Beauty in motion

Not many of us have the dedication, good fortune or funds that enable today’s better known plant hunters to trek into the wilderness in China, South Africa or Mexico in search of wildflowers.

Sun-seekers: Joe-pye weed and Turk’s-cap lilies are showy late-summer flowers. Photos By Christopher Carrie

We can, however, follow in the footsteps of some of the great plant explorers of the past right here in our own back yard, where Western North Carolina coves and mountaintops were a hot spot for such expeditions throughout the 18th and 19th centuries.

The arrival of spring marks the start of a wildflower show that continues for months along many WNC hiking trails. Before the forests’ trees are fully leafed out, an array of spring ephemerals blooms beneath them.

Starting in mid-March at the lowest elevations, this show continues into early May at the higher reaches.
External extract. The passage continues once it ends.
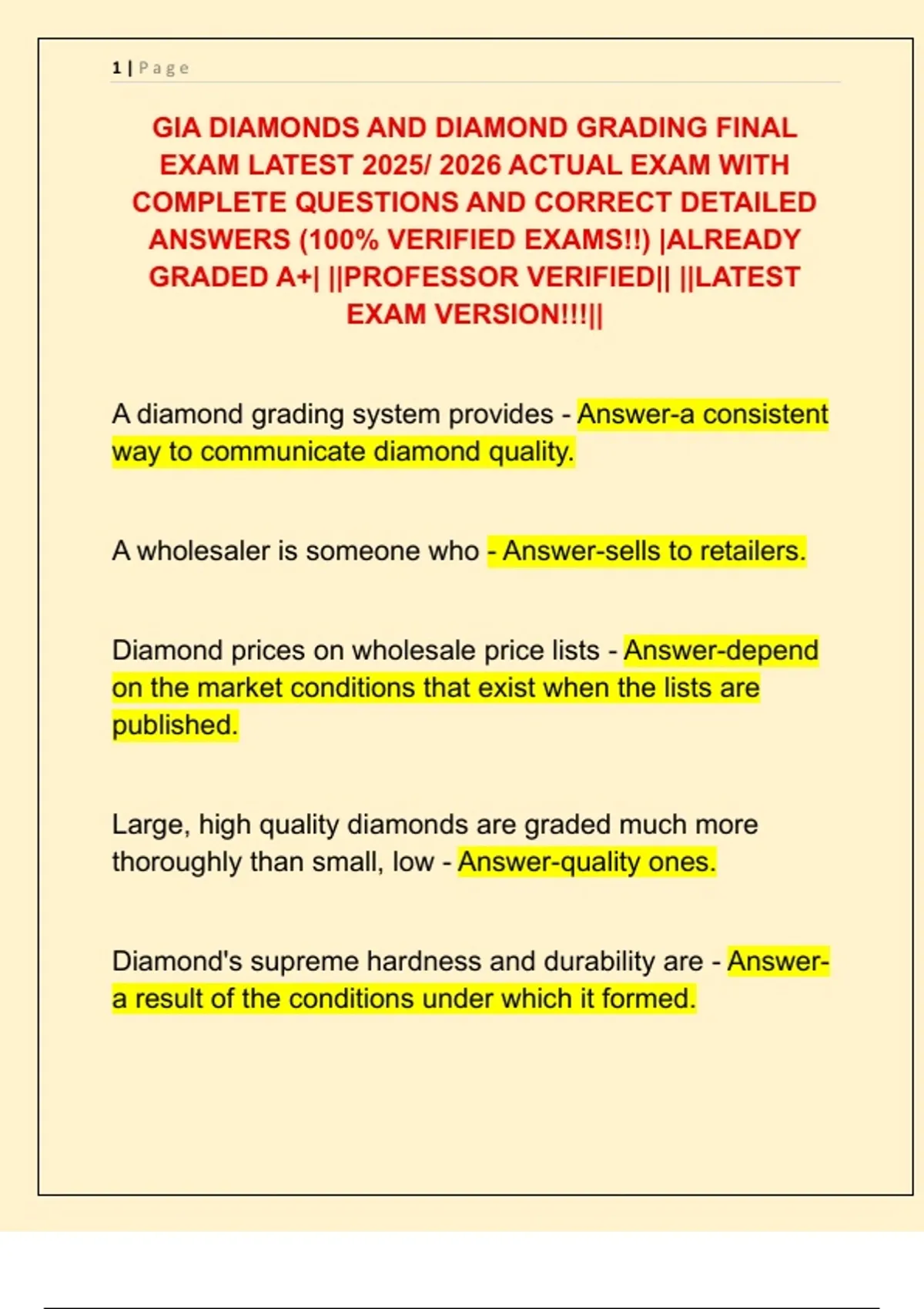A diamond grading system provides - Answer-a consistent

Violets, trilliums, jack-in-the-pulpits, bloodroot, trout lily, anemone and dwarf crested iris are just a sampling of the botanical bounty that carpets the hardwood-forest floor. Many flowering trees also blossom early in the season, including the Carolina silverbell, dogwood and redbud.
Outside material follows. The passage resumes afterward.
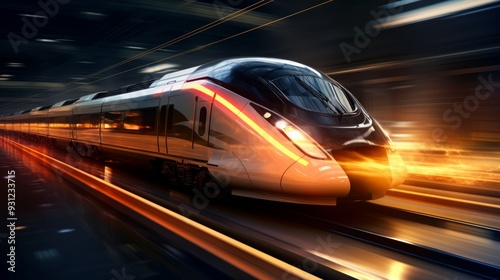 High speed train in motion on the railway station at sunset. Neural network ai generated art

Spring’s first blooms are closely followed by a number of the region’s showy native shrubs. Catawba rhododendron, native azaleas, mountain laurel, hydrangea and viburnum fill the brief lull until the start of the spectacular summer wildflower season, which moves out of the forest and into the sunnier open spaces.

Even the blazing fall season isn’t solely about leaves. Asters galore and goldenrod bloom well into autumn, and many members of the sunflower family blossom deep into October.
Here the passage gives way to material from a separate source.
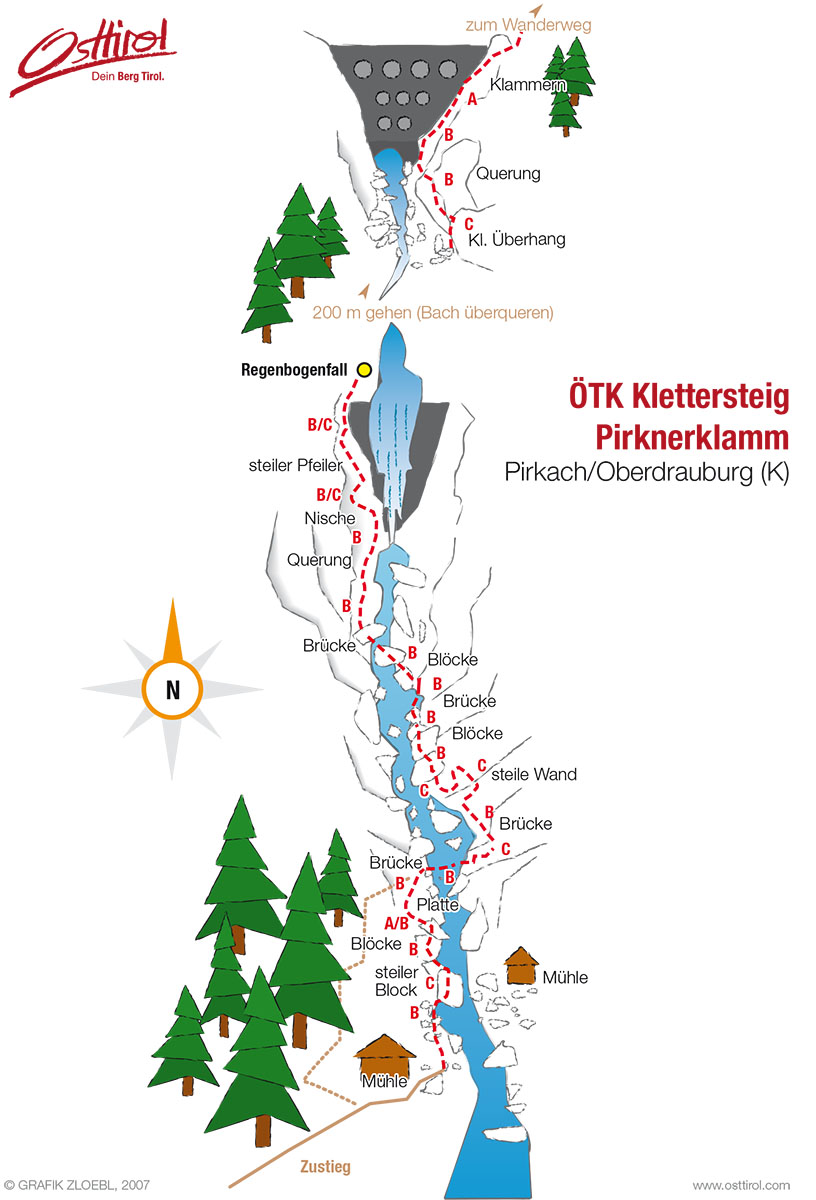 Ein eindrucksvoller, nicht allzu schwieriger Schlucht-Klettersteig, der entlang des Pirkner Baches am ostseitigen Bergfuß des Hochstadels - in der Pirkachklamm - angelegt wurde. Höhepunkt des Steiges ist die Steilpassage an der ersten Wehranlage – neben dem rauschenden Regenbogenfall – hier erzeugt die Gischt bei Sonnenschein einen Regenbogen! Zahlreiche Postmanswalk-Brücken (gespanntes Halteseil und lockeres Gehseil) bieten einen zusätzlichen Nervenkitzel. Aufgrund des kurzen Zu- und Abstieges ideal als Zwischendurchbeschäftigung für einen Vor- oder Nachmittag.

Signs of spring: Great laurel, rhododendron maximum, is just a part of WNC’s annual wildflower display.

North Carolina’s Best Wildflower Hikes: Mountains by Kevin Adams (Westcliffe, 2004) details 50 of the region’s best hikes for viewing wildflowers, coded by month for peak display. Last summer, Adams’ book steered me to a very easy hike off the Blue Ridge Parkway at Fryingpan Mountain (several miles southwest of Mount Pisgah), where I was rewarded with an excellent flower show.

Two low-elevation, early spring wildflower hikes to consider are the Baxter Creek (shorter) and Big Creek trails, both within the northwestern edge of the Great Smoky Mountains National Park. Access to this portion of the park is via the Waterville exit (exit 451) just past the Tennessee border off Interstate 40. Both trails begin from the same picnic/campground area, past the Big Creek ranger station once you’ve re-entered North Carolina.

Adams’ book cites three hikes in Pisgah National Forest between Brevard and the Blue Ridge Parkway where peak bloom time comes in April. All three are off U.S. Highway 276. The Twin Falls hike leads off from Avery Creek Road, and the Moore Cove Falls and Pink Beds trails are accessed from parking areas along U.S. 276.

The Max Patch section of the Appalachian Trail is among the best stretches in the region for high-elevation, late-spring wildflowers. This grassy bald, straddling the Tennessee border in Madison County, offers nearly 360-degree views of the surrounding mountains. The roundtrip hike along the Appalachian Trail is 9.5 miles, and depending on your stamina, you may opt for a shuttle vehicle. Or choose to spend more time enjoying the wildflowers and the view and backtrack along the trail.

Highly detailed information on these hikes and 44 more can be found in Adams’ guidebook. Maps are also available online for the Great Smoky Mountains National Park (www.nps.gov/grsm/planyourvisit/hiking.htm) and Pisgah National Forest at (www.cs.unca.edu/nfsnc/recreation/recreate.htm). Click on the “Pisgah District” map for the trails along U.S. 276. For Max Patch, click on the link labeled “Hot Springs and Harmon Den.”

A walk in the woods can become an exploration—and even a preview of plants you might like to have in your own garden. Thanks to the growing interest in reducing human impact on the environment, many quality native species are coming out of the woods and roadsides and into propagation by the nursery trade. So bring a camera and a guidebook, and with the right conditions and quality nursery plants, chances are you’ll be able to grow many of the wonderful blooms that grace the region’s wild places.

The truly adventurous hiker may want to hunt for Oconee bells, Shortia galacifolia, a rare native plant with a storied past. It begins with Asa Gray, a renowned professor of botany at Harvard, a friend of Darwin’s who made regular plant expeditions to North Carolina. After first seeing Oconee bells in botanist André Michaux’s herbarium collection in Paris, Gray searched for years to find the plant. Lost to science for nearly 100 years, Shortia was rediscovered briefly in 1877 near Marion and again in 1886 along the Toxaway River. It was already rare back then. But these days, it might be easier to find this reportedly easy-to-grow plant in a nursery.